Are you referring to @murch solution?
Or to @zawy’s comment after that?
Can someone explain why the attack needs to alternate and can’t just use a constant low difficulty?
I suspect that would cause a mess. It could potentially introduce new attack vectors by messing with (node connections to) NTP servers. The current two hour margin is so wide you could set your computer clock with a sundial.
Block propagation throughout the whole network is probably in the order of seconds, but sometimes it seems take half minute: Mining Pool Behavior during Forks
Slowly validating blocks, poor internet connections and having to use Tor can all add many seconds to when you receive a block.
Later on:
With FTL meaning “Future Time Limit”. So do you mean just the existing rule that when we see a block it can’t be more than 2 hours in the future? Or do you mean the timestamp can’t be more than 2 hours ahead of that in the previous block?

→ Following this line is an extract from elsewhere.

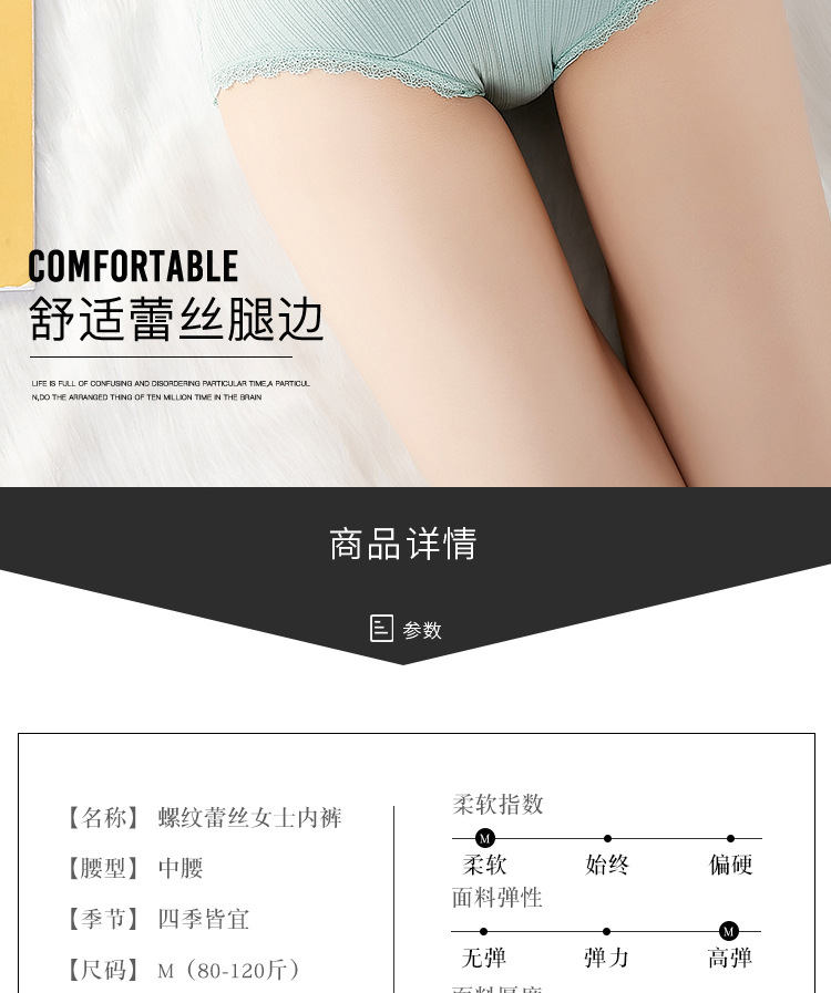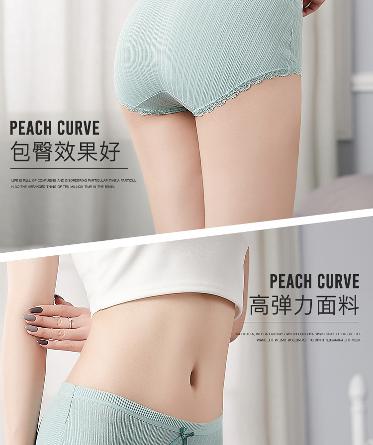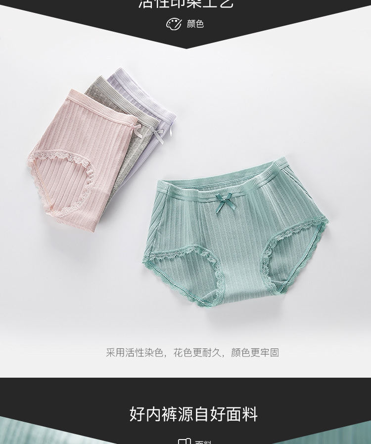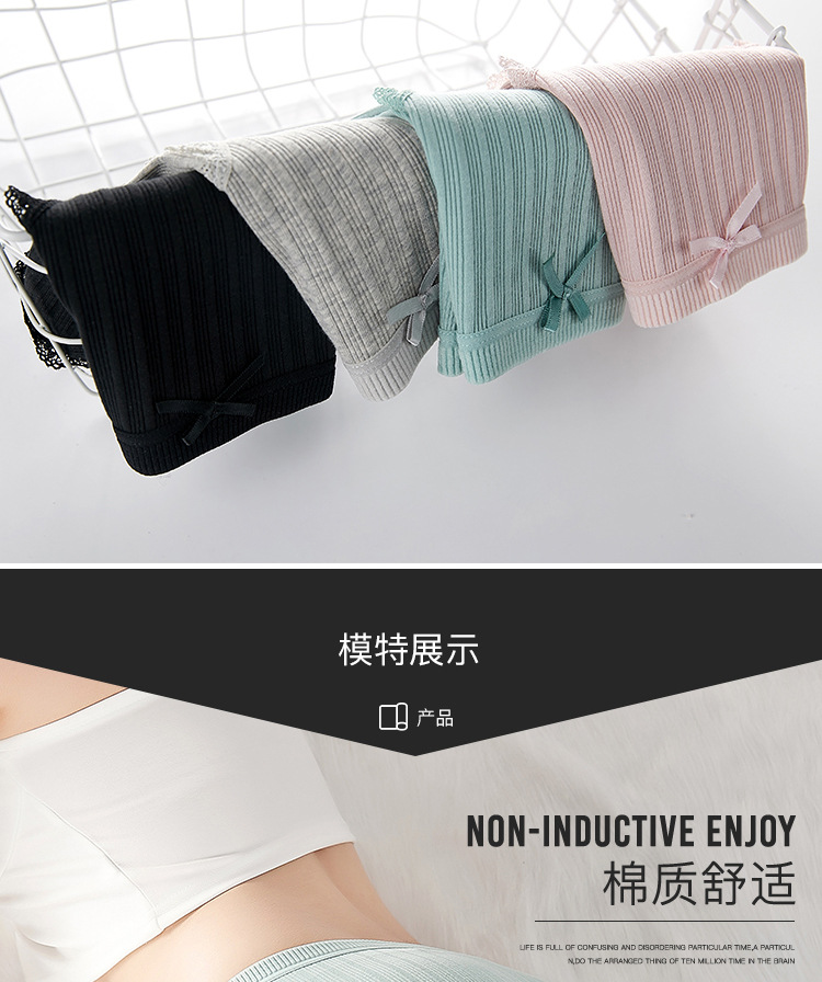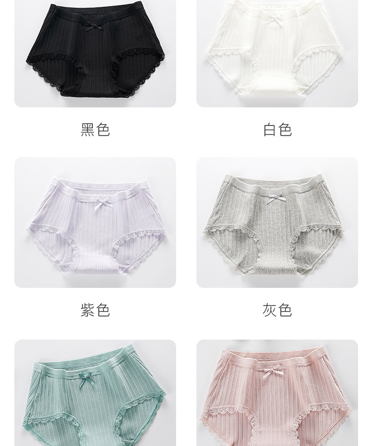 XYE-090日系新品罗纹透气舒适甜美性感蕾丝边三角裤(6条装)

It’s probably impossible to make testnet safe against all abuse, without making it permissioned. Otherwise we would have invented an actual alternative to proof-of-work. So in practice we should probably only:
- Fix attacks that actually happened and caused, or continue to cause, significant problems. E.g. the loppocapse blockstorms.
- Deployment things we want to see on mainnet, to see if they have bugs and to see if anyone comes up with an attack that wasn’t foreseen and could_be used on mainnet.